The son (érzi) is not really a son: Generalization of address terms in Chinese online discourse
KunYang and JingChen
Nanjing Normal University | Nanjing University
This paper aims to explore the generalization of address terms in online discourse, a largely unheeded pragmatic phenomenon. Taking the generalized Chinese kinship term “son” (érzi) as an example, it analyzes its referents and functions. The analysis was based on a sizable data set collected from WeChat, and interviews with some WeChat users. It demonstrates that the address term “son” (érzi) conveys its faithful meaning when referring to the male child of (a) parent(s) but virtual meaning when referring to the addresser’s friends, classmates or pets. It is also argued that the generalized use of the address term “son” (érzi) can function to enhance relationships, make jocular abuse, and express emotions. These functions suggest the users’ identity avoidance and relating needs in a virtual community. This study attempts to contribute to a better understanding of the virtualization of address terms and rapport management in online discourse.

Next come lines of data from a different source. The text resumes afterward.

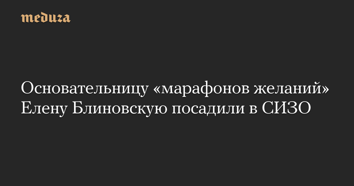 Основательницу «марафонов желаний» Елену Блиновскую посадили в СИЗО
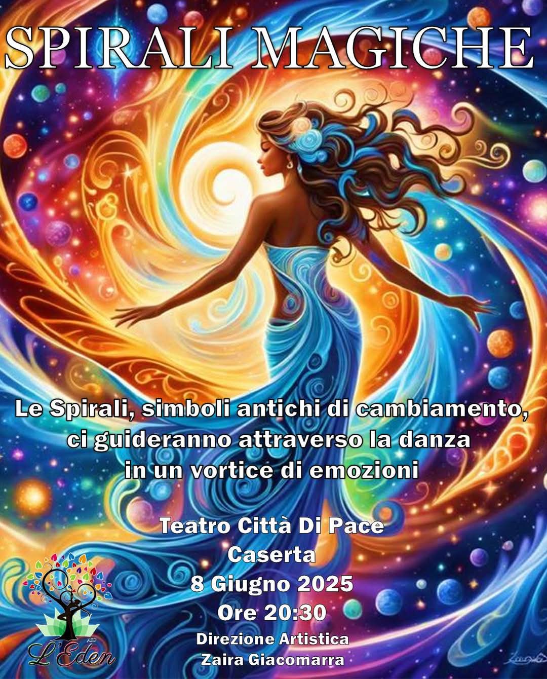 Dopo l’enorme successo di The Colors of Dreams, lo spettacolo che lo scorso anno ha incantato il pubblico casertano con la sua intensità e bellezza, l’EDEN ASD, sotto la direzione artistica della maestra e coreografa Zaira Giacomarra, torna a sorprendere con una nuova, potente creazione: Spirali Magiche.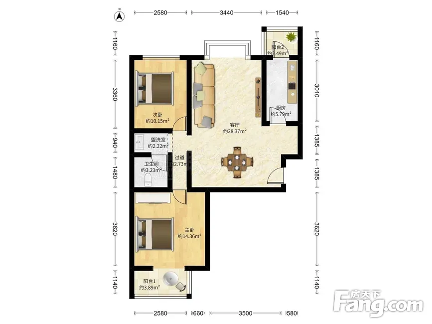 户型齐全,主打户型方正,双阳台二居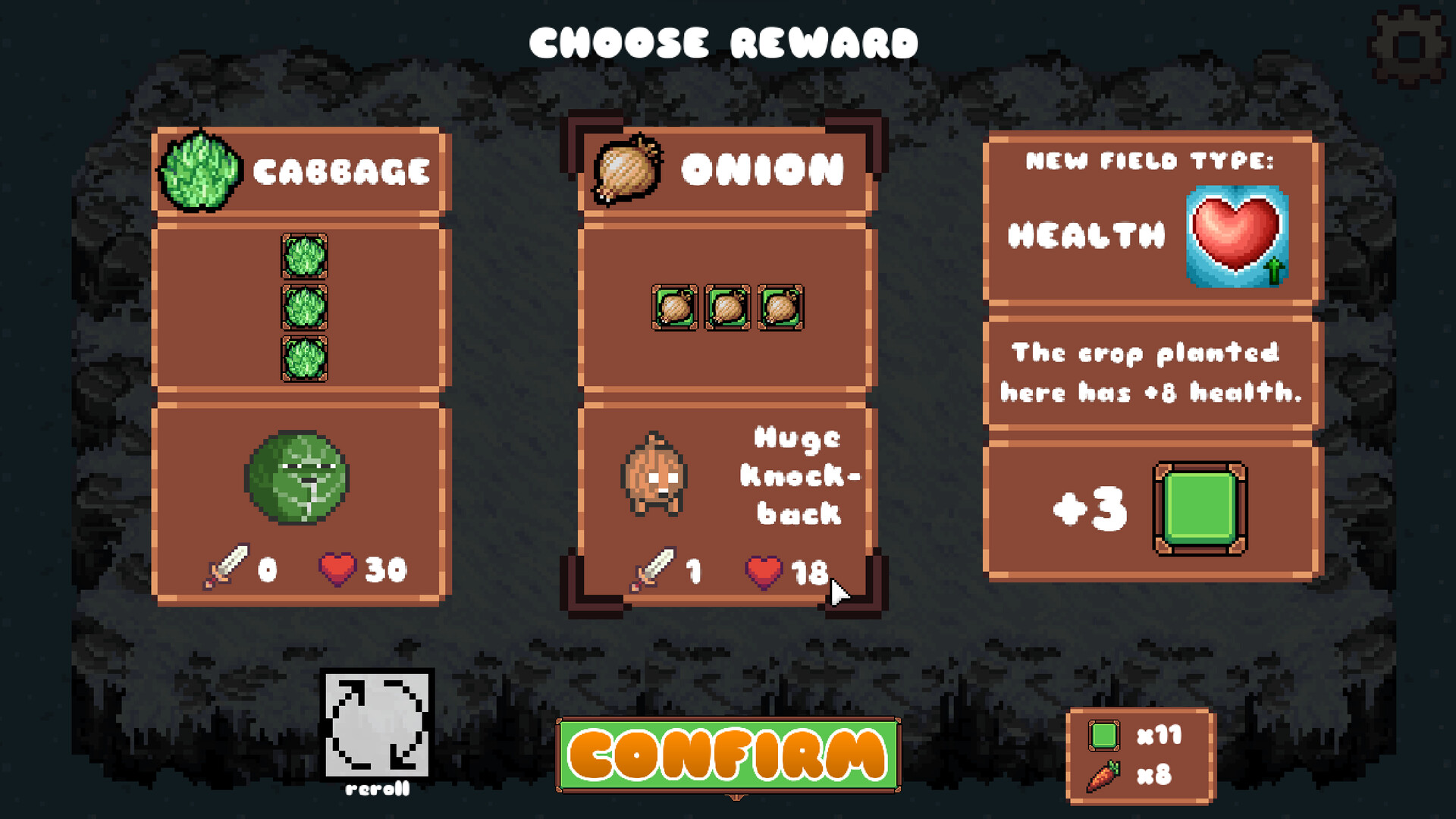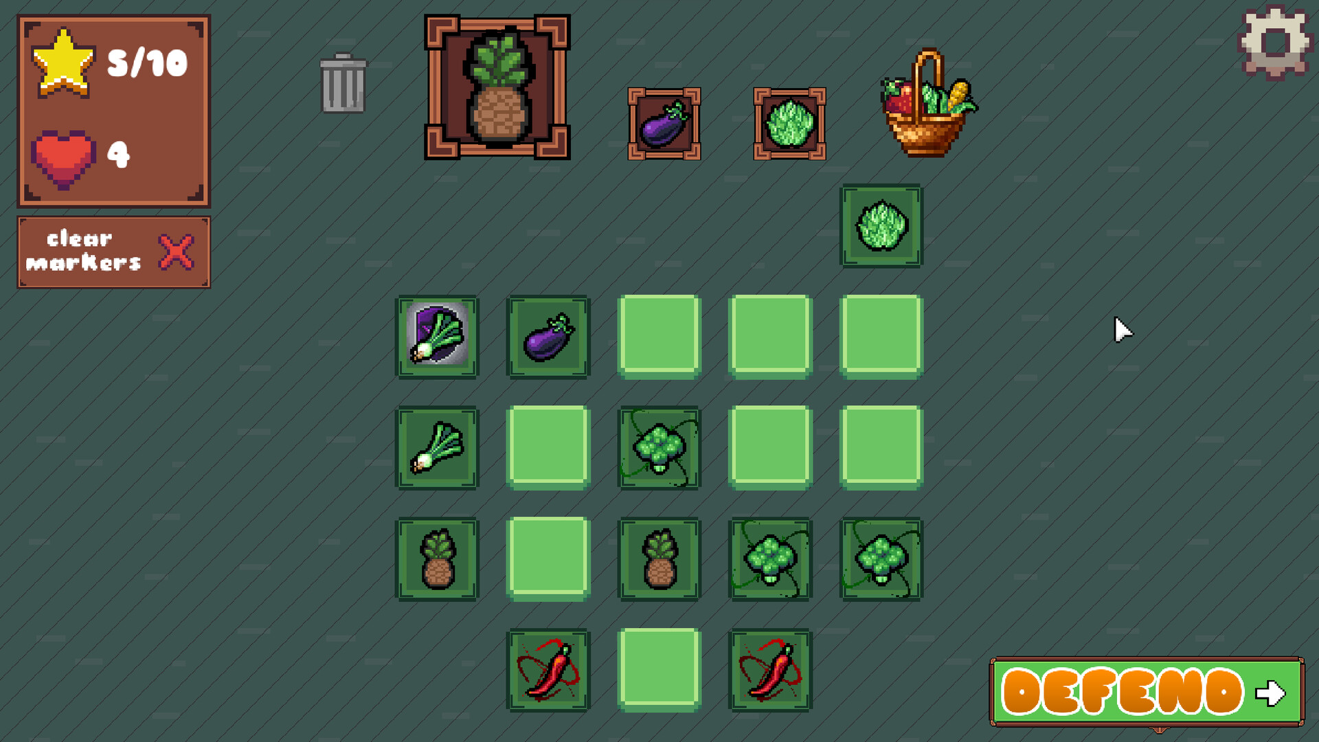 CROPS! is an autobattler in which your fruits and vegetables come alive! Plant your crops in specific patterns and place them strategically to defend against rats, kobolds and even dragons.

Address terms are words and expressions for addressing individuals or groups in communication (Alenizi 2019). They can be divided into two categories, namely, kin terms and social terms (Dickey 1997). Among them, kin terms refer to relatives, such as “mum”, “dad”, “son”, and “cousin”, whereas social terms refer to non-relatives, such as “friends”, “colleagues” or even “strangers” (Liu 2009; Sandel 2002). Interestingly, kin terms are frequently employed to address non-relatives in daily communication, which leads to the phenomenon of generalization (Chen and Ren 2020; Nakassis 2014; Ren and Chen 2019). Besides, most of the generalized kin terms in face-to-face interaction are age-based, and they may be borrowed from (1) antecedent kin terms, such as “aunt” or “uncle”, and (2) descendent kin terms, such as “younger brother” (Ren and Chen 2019). Notably, although there truly exist generalized kin terms which are borrowed from descendent kin terms, they are less frequently used, especially in face-to-face interaction (e.g., “son”). The reason might be that this would violate the politeness principle (Fleming and Slotta 2018) or Address Maxim (Gu 1990). However, the borrowing of these descendent kin terms is a common occurrence in online discourse. In addition, while the generalization of kinship terms in face-to-face communication is considered to assist in maintaining and enriching social interaction (Mavunga et al. 2014), whether it performs the same functions online remains unclear.